What makes it so dangerous, then? The majority of HFCS is generated using GMO maize. Corn is one of the most often genetically modified crops, but that’s not the only problem. The issue is that this sugar substitute has a very high fructose content, as the name would imply. The fructose you obtain from eating a piece of fresh fruit is considerably different from this. It is less concentrated, and the fiber helps slow down how quickly sugar enters the system.

PRO TIP:

It can be challenging to know what to trust these days because so many businesses include HFCS in their products. Try buying at a natural grocery store or farmer’s market. It doesn’t allow businesses that use HFCS on their shelves if you want to make things easier. For or against the change we want to see, every dollar we spend counts as a vote.

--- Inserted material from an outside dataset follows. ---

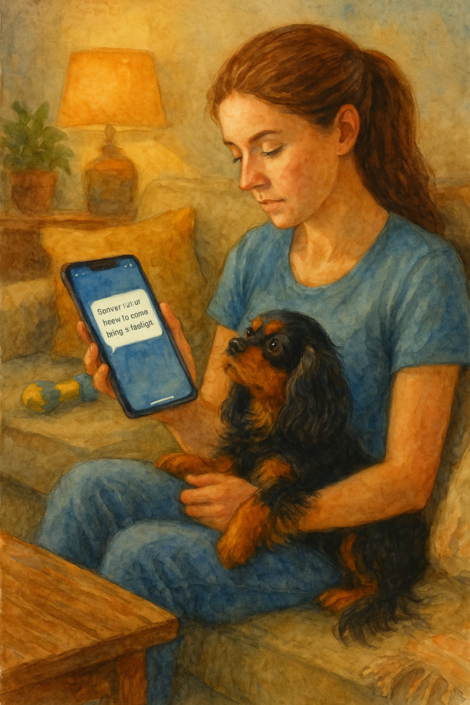 She sat cross-legged on the living room floor, surrounded by three suspiciously photogenic Cavaliers in slightly-too-small matching bandanas. The shoot had taken nearly an hour—mainly because Riggins wouldn’t stop barking at his own reflection in the sliding glass door.

Companies that use HFCS are being obliged to change their ingredients in response. As more customers decide not to buy from them, or else they risk losing market share. This top ten list should arm you with the knowledge you need to decide which natural sugar replacements to take into account while prioritizing your health.

When contrasting different sweeteners, the following factors should be taken into account:

– Glycemic Index

– Calorie Count

– Fructose Content

– Processing Methods

Like other foods, their quality and general healthfulness will improve. The more naturally they may be produced. The Sugar of LYFE, an organic, wild-harvested, unprocessed, nutrient-dense palmyra flower nectar, is clearly the best natural sugar substitute and is our top pick. Please feel free to contact Corrainder Leaf for more pertinent information on sugar.

 

Corriander Leaf is established in 2011 in Yangon, Myanmar. Ever since, Corriander Leaf has blossomed into an one-expanding paradise for all your favorite delicacies and drink. The Corriander Leaf has now 1 Banquet hall,2 Indian family Dining Restaurants (Corriander Leaf).